Segment Open
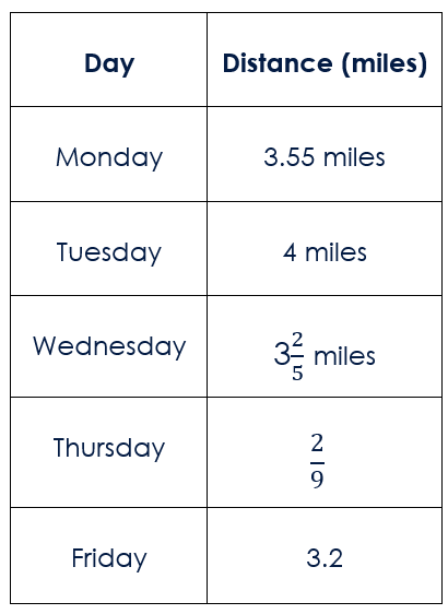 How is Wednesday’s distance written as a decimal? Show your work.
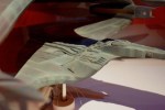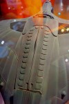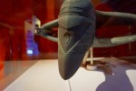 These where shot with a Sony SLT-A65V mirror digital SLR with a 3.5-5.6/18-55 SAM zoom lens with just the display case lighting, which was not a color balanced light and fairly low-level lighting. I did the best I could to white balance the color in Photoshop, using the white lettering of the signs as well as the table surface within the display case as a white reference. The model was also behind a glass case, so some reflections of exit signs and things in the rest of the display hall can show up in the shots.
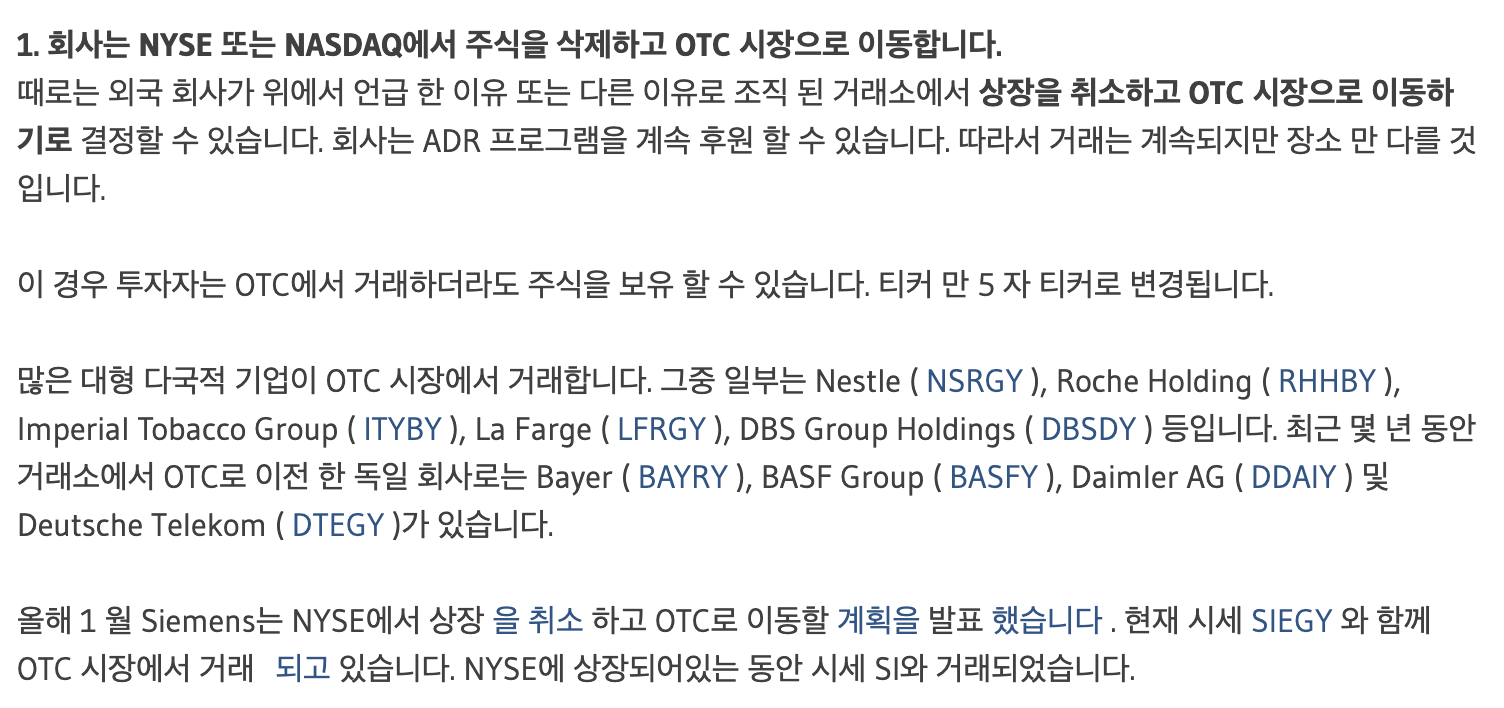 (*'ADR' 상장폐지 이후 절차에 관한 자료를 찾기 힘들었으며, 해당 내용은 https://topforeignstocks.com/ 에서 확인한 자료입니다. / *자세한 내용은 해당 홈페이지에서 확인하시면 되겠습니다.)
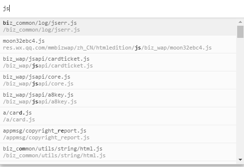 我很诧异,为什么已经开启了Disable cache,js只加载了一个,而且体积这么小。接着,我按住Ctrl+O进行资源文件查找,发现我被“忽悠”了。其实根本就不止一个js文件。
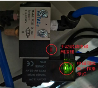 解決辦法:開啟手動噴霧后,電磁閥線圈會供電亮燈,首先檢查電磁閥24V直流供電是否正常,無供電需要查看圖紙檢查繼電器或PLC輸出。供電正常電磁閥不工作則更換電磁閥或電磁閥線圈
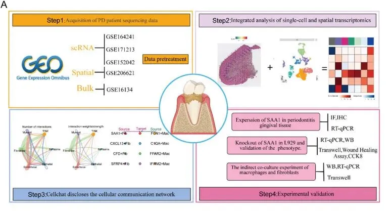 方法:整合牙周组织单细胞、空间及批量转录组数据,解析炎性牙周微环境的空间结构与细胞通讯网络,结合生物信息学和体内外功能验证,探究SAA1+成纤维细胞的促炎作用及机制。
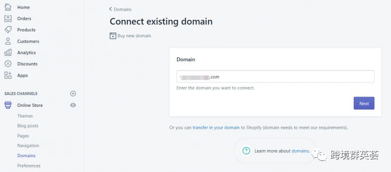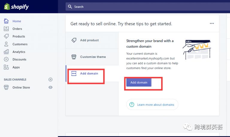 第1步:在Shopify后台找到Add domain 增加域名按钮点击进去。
Segment Closed
Segment Open
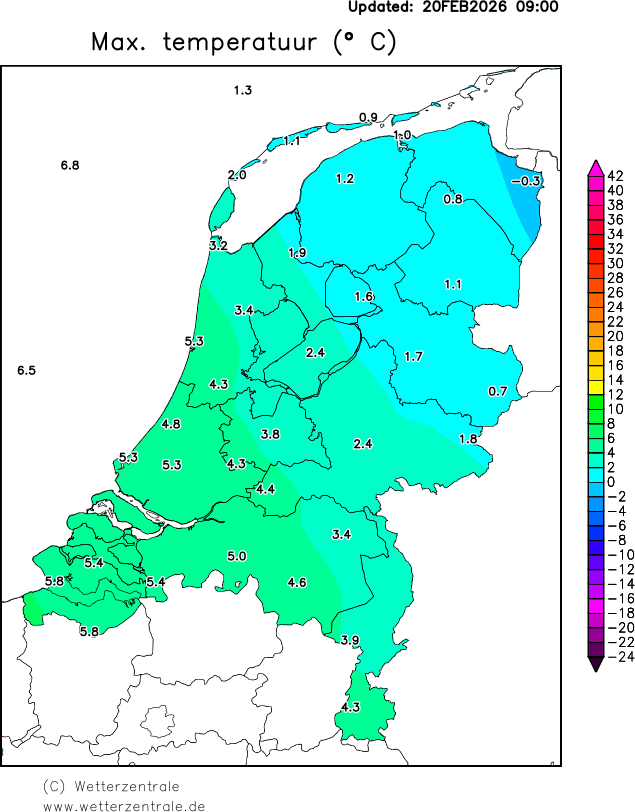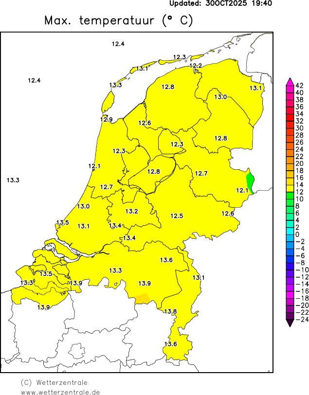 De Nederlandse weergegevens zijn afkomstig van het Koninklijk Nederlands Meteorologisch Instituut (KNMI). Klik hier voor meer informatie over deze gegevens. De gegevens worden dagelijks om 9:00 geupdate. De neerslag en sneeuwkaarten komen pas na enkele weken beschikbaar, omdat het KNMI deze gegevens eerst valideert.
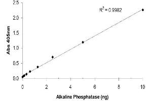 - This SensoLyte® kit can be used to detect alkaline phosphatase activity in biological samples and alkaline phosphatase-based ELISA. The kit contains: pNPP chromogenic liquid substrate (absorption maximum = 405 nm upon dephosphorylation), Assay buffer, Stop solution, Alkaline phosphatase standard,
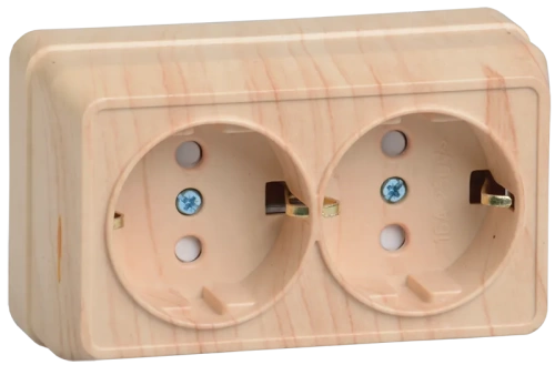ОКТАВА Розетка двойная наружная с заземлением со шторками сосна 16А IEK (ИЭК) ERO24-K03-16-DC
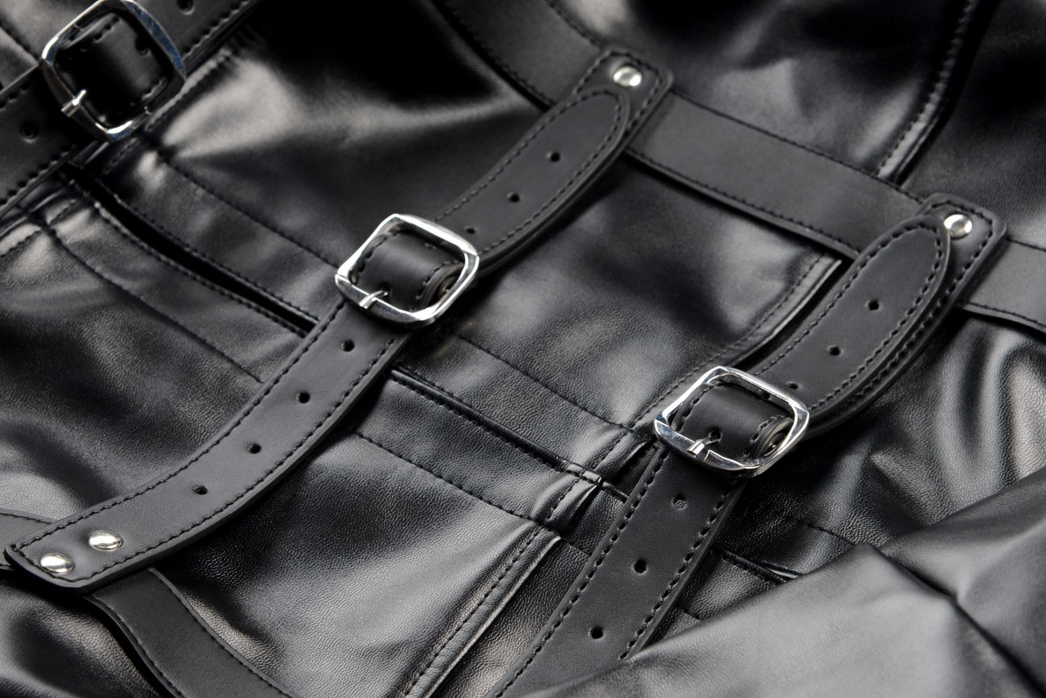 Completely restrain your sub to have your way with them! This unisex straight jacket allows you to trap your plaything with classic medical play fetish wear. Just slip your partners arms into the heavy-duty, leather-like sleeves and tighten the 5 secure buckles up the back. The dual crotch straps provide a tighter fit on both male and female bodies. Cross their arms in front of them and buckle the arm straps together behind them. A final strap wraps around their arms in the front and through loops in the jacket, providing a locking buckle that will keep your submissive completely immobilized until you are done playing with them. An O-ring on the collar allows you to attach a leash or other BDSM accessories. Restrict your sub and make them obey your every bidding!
Segment Closed
◆ **What to produce**: Return the stretch of data that begins with the line showing "(*'ADR' 상장폐지 이후" and goes on through the line showing "我很诧异,为什么已经开启了D", exactly, with pictures removed.

◆ **Task output**:
 (*'ADR' 상장폐지 이후 절차에 관한 자료를 찾기 힘들었으며, 해당 내용은 https://topforeignstocks.com/ 에서 확인한 자료입니다. / *자세한 내용은 해당 홈페이지에서 확인하시면 되겠습니다.)
 我很诧异,为什么已经开启了Disable cache,js只加载了一个,而且体积这么小。接着,我按住Ctrl+O进行资源文件查找,发现我被“忽悠”了。其实根本就不止一个js文件。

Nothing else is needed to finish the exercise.